A: Your immune system is like an army that is ready to spot and stop invaders like the viruses that cause chickenpox and the flu. Your immune system also goes to war when an old infection comes back to life. But after the battle is over, your immune system quiets down and waits for the next fight.

When a virus like those that cause chickenpox and the flu enters your body, specialized cells in your immune system recognize it as foreign, and start to attack. Some immune system cells make antibodies. These molecules float in the blood and attach to any viruses that are in the blood to destroy them.

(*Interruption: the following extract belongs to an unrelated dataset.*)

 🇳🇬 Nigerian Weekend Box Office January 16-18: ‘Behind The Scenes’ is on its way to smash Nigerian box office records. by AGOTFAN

Other immune system cells recognize that the virus has entered some of your cells because pieces of the virus stick out of the cell. Your immune system cells attack and kill your infected cells because the virus can only multiply and thrive inside your cells. Your immune system stops the virus from multiplying by killing the cells where it lives. You have plenty of uninfected cells, so killing a few infected ones usually doesn't hurt you.

Usually, the parts of your body that may have been injured by the virus infection heal and recover fully. That is true of the flu, for example.

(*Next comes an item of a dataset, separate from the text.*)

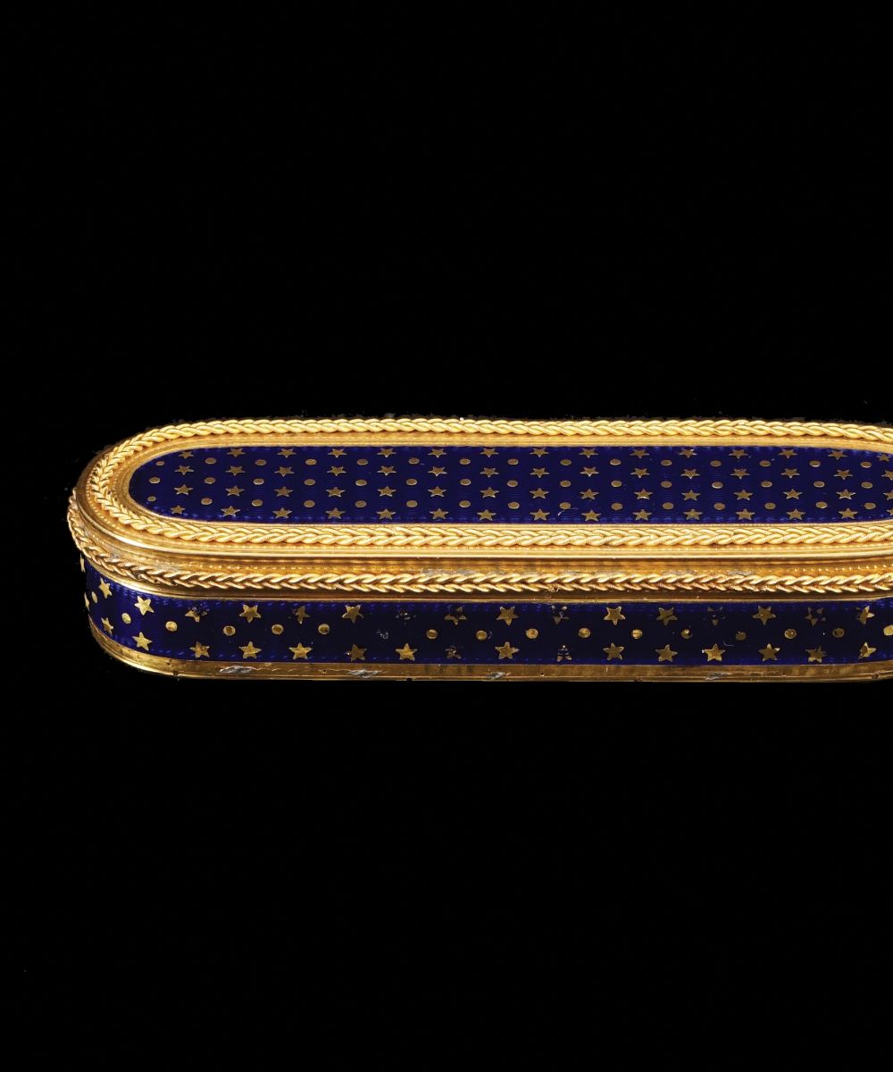 Tabacchiera di forma ovale in oro 18kt., con profili cesellati a cordoncini, rivestita di smalto blu con fondo guilloché decorato a stelle.

The response of the immune system varies depending upon the specific infectious organism and whether the immune system is healthy vs. compromised.

Sometimes a virus causes lasting damage, even in people with healthy immune systems. Polio, a disease caused by the poliovirus, can cause paralysis before the virus is eliminated from the body. Fortunately, because of immunizations, polio is rare in most developed nations.

Sometimes the immune system cannot eliminate a virus. Varicella-zoster virus, the cause of chickenpox, is an example. You won't get chickenpox again. However, once you are infected, the virus remains in your body for the rest of your life. The immune system usually keeps it from becoming active and causing trouble.

But this protection is not perfect. After causing chickenpox, the virus settles down in some of our nerve cells. It can become active many years later to cause the rash and pain of the disease commonly called "shingles." When the virus reactivates, the immune system typically attacks it again and beats it back into a quiet state.

Influenza is a special problem because the virus that causes the flu has the ability to change its genetic makeup easily, and it does so frequently. So having the flu in the past caused by one strain, won't protect you in the future.

(Anthony L. Komaroff, M.D., is professor of medicine and editor-in-chief of Harvard Health Publications at Harvard Medical School. Dr. Komaroff has served on various advisory committees to the federal government, and is an elected Fellow of the American Association for the Advancement of Science.)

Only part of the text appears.